On Thu, 27 Jan 2022 21:21:00 +0000,
Bjorn Helgaas <helgaas@kernel.org> wrote:
> 
> [+cc Srikanth, Pratyush, Thomas, Pali, Ryder, Jianjun]
> 
> On Wed, Jan 26, 2022 at 11:37:58AM +0800, qizhong.cheng wrote:
> > On Tue, 2022-01-25 at 17:21 +0000, Marc Zyngier wrote:
> > > On 2022-01-25 16:57, Bjorn Helgaas wrote:
> > > > On Sun, Jan 23, 2022 at 11:33:06AM +0800, qizhong cheng wrote:
> > > > > As an edge-triggered interrupts, its interrupt status should
> > > > > be cleared before dispatch to the handler of device.
> > > > 
> > > > I'm not an IRQ expert, but the reasoning that "we should clear
> > > > the MSI interrupt status before dispatching the handler because
> > > > MSI is an edge-triggered interrupt" doesn't seem completely
> > > > convincing because your code will now look like this:
> > > > 
> > > >   /* Clear the INTx */
> > > >   writel(1 << bit, port->base + PCIE_INT_STATUS);
> > > >   generic_handle_domain_irq(port->irq_domain, bit - INTX_SHIFT);
> > > >   ...
> > > > 
> > > >   /* Clear MSI interrupt status */
> > > >   writel(MSI_STATUS, port->base + PCIE_INT_STATUS);
> > > >   generic_handle_domain_irq(port->inner_domain, bit);
> > > > 
> > > > You clear interrupt status before dispatching the handler for
> > > > *both* level-triggered INTx interrupts and edge-triggered MSI
> > > > interrupts.
> > > > 
> > > > So it doesn't seem that simply being edge-triggered is the
> > > > critical factor here.
> > > 
> > > This is the usual problem with these half-baked implementations.
> > > The signalling to the primary interrupt controller is level, as
> > > they take a multitude of input and (crucially) latch the MSI
> > > edges.
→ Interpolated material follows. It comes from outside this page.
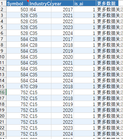 注: Symbol为 股票代码,IndustryCode为行业分类,is_ai为两大模型根据企业经营范围识别的是否为人工智能企业的0-1变量,1表示是人工智能企业,0表示不是。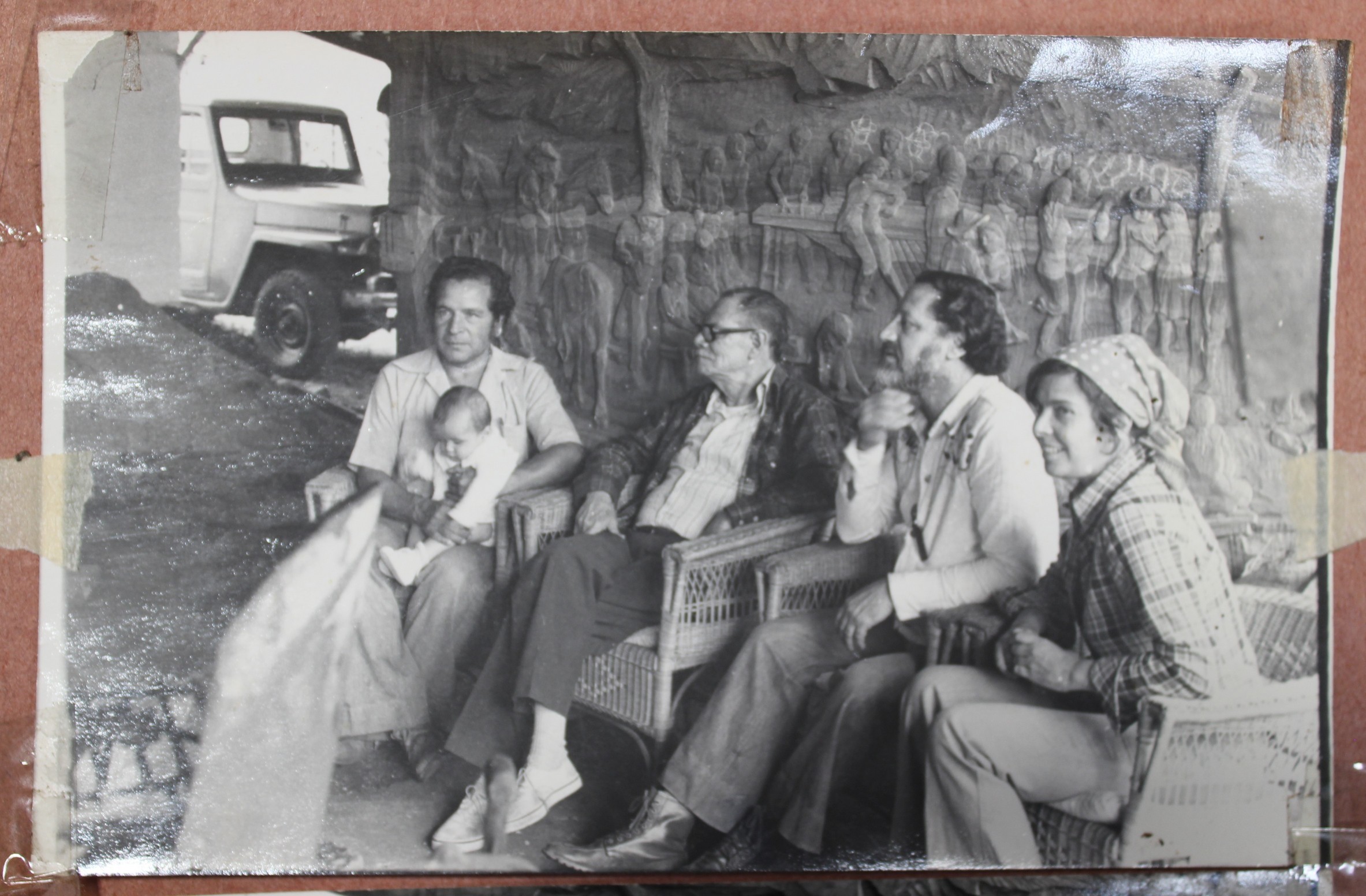 | dc.description | Fotografía de Néstor Zeledón cargando a América en sus regarzos y acompañado de Carlos Salazar Herrrera, Antidio Cabal y Maira Jiménez, frente al relieve El Baile. | |

Effectively, this is an edge-to-level converter, with all
> > > the problems that this creates.
> > > 
> > > By clearing the status *after* the handling, you lose edges that
> > > have been received and coalesced after the read of the status
> > > register. By clearing it *before*, you are acknowledging the
> > > interrupts early, and allowing them to be coalesced independently
> > > of the ones that have been received earlier.
> > > 
> > > This is however mostly an educated guess. Someone with access to
> > > the TRM should verify this.
> > 
> > Yes, as Maz said, we save the edge-interrupt status so that it
> > becomes a level-interrupt. This is similar to an edge-to-level
> > converter, so we need to clear it *before*. We found this problem
> > through a lot of experiments and tested this patch.
> 
> I thought there might be other host controllers with similar design,
> so I looked at all the other drivers and tried to figure out whether
> any others had similar problems.
> 
> The ones below look suspicious to me because they all clear some sort
> of status register *after* handling an MSI.  Can you guys take a look
> and make sure they are working correctly?
> 
>   keembay_pcie_msi_irq_handler
>     status = readl(pcie->apb_base + PCIE_REGS_INTERRUPT_STATUS)
>     if (status & MSI_CTRL_INT)
>       dw_handle_msi_irq
> 	generic_handle_domain_irq
>       writel(status, pcie->apb_base + PCIE_REGS_INTERRUPT_STATUS)
> 
>   spear13xx_pcie_irq_handler
>     status = readl(&app_reg->int_sts)
>     if (status & MSI_CTRL_INT)
>       dw_handle_msi_irq
> 	generic_handle_domain_irq
>     writel(status, &app_reg->int_clr)

I think these two are fine.

The top level interrupt is only a level signal that the is something
to process. The only thing that is unclear is what the effect of
writing to that status register if MSIs are pending at that point. A
sane implementation would just ignore the write.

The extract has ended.